--- Record set ---

════════════════

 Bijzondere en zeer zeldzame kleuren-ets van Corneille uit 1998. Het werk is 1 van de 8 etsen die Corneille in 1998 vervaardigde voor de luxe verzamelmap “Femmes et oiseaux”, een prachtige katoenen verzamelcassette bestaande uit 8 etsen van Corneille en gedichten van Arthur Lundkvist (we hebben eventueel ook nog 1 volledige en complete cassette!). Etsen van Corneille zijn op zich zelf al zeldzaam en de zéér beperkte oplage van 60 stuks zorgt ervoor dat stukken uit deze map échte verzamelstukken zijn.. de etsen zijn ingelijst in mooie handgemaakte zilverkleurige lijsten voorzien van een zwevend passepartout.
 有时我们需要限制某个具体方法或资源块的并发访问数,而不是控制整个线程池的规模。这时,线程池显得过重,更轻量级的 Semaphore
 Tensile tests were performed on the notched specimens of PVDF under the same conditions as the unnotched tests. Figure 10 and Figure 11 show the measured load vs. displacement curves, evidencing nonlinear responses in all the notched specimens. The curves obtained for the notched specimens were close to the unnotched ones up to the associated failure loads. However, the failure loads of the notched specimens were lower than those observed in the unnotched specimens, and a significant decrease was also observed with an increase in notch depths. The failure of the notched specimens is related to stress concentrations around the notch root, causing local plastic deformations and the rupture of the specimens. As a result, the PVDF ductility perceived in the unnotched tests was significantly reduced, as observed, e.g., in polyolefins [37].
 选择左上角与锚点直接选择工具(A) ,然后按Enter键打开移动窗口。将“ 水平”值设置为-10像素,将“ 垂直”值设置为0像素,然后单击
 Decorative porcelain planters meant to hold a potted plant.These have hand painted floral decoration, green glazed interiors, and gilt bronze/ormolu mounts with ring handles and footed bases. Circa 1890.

════════════════

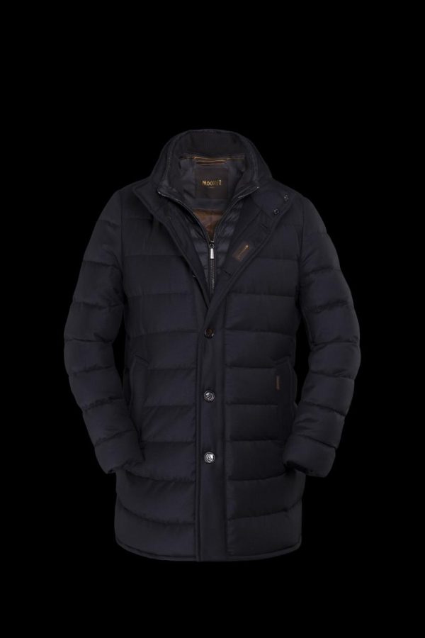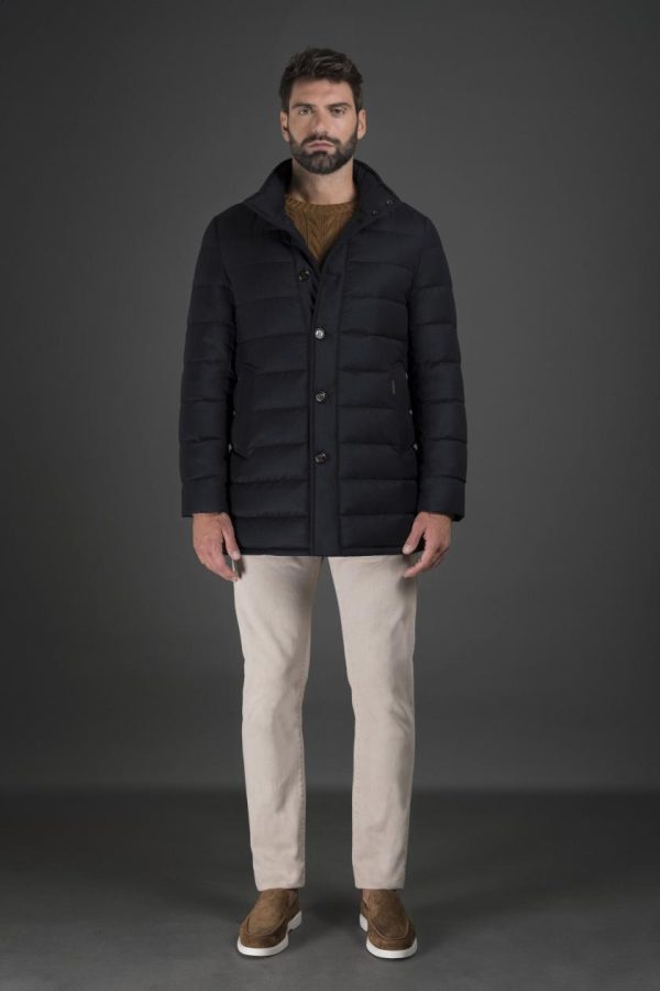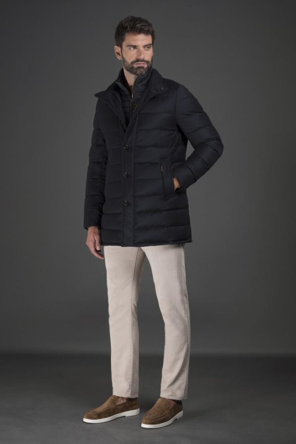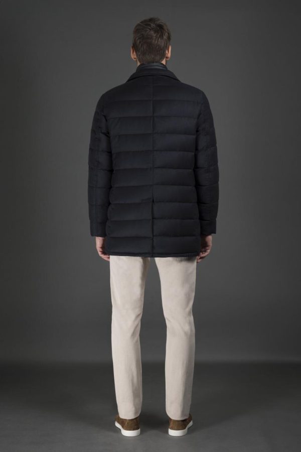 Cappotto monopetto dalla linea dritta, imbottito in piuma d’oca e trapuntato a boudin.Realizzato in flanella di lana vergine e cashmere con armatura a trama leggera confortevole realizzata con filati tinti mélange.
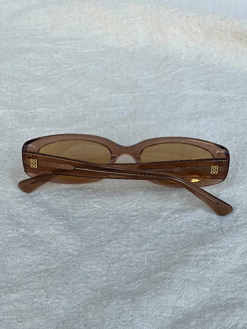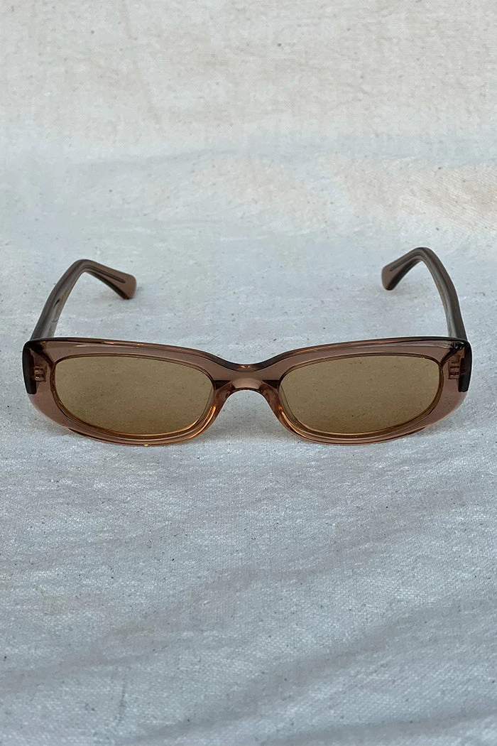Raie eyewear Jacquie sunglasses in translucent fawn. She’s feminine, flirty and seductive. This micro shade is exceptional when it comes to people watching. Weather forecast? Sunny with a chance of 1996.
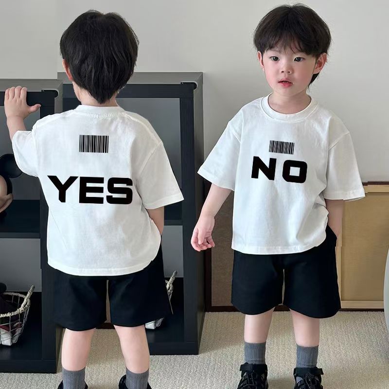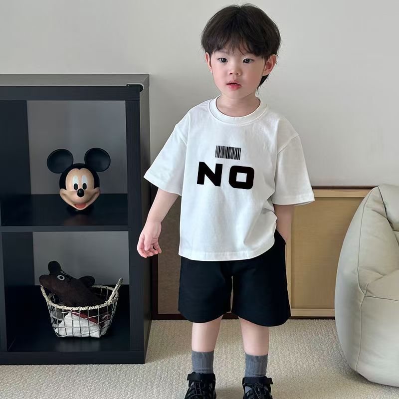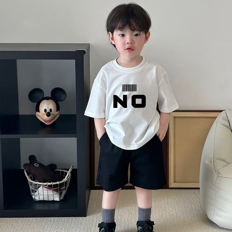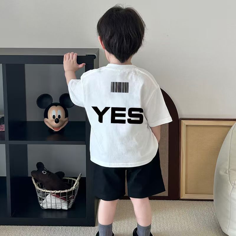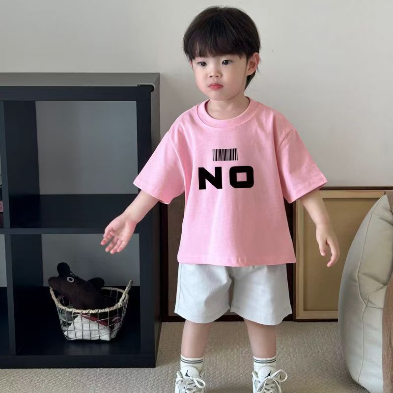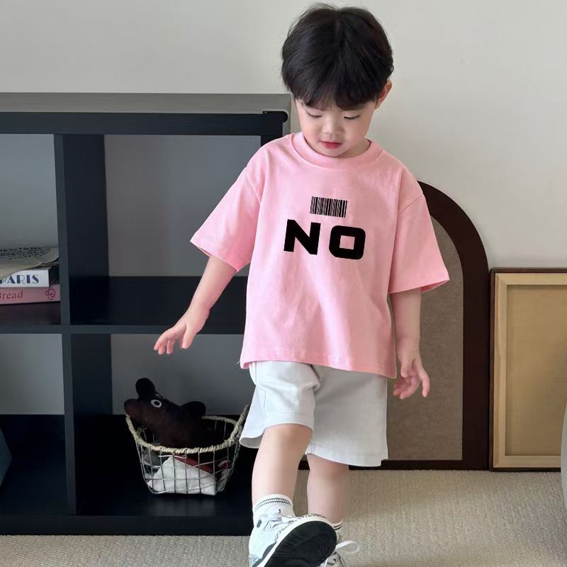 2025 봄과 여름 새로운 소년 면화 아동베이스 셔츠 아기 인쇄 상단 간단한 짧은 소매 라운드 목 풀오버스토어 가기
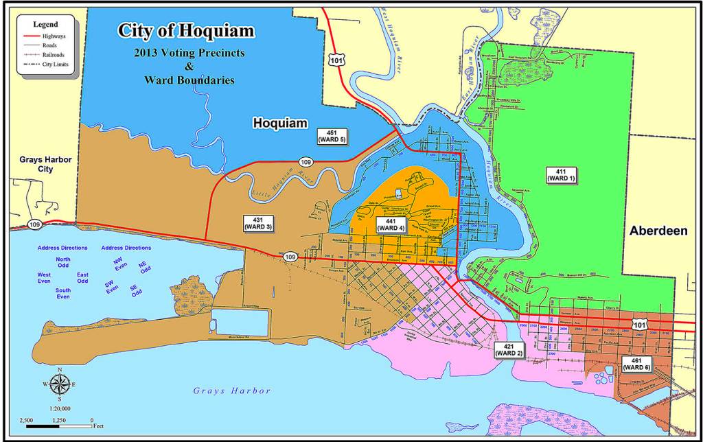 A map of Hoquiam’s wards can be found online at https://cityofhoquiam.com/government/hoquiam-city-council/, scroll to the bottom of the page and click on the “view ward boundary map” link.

════════════════

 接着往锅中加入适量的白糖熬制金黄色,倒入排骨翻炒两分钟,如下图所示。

════════════════

Print, exactly and with no pictures, the lines of the listing above starting at the one that has "Cappotto monopetto dalla" and ending at the one that has "Raie eyewear Jacquie", both included.

--- Exercise output ---
 Cappotto monopetto dalla linea dritta, imbottito in piuma d’oca e trapuntato a boudin.Realizzato in flanella di lana vergine e cashmere con armatura a trama leggera confortevole realizzata con filati tinti mélange.
Raie eyewear Jacquie sunglasses in translucent fawn. She’s feminine, flirty and seductive. This micro shade is exceptional when it comes to people watching. Weather forecast? Sunny with a chance of 1996.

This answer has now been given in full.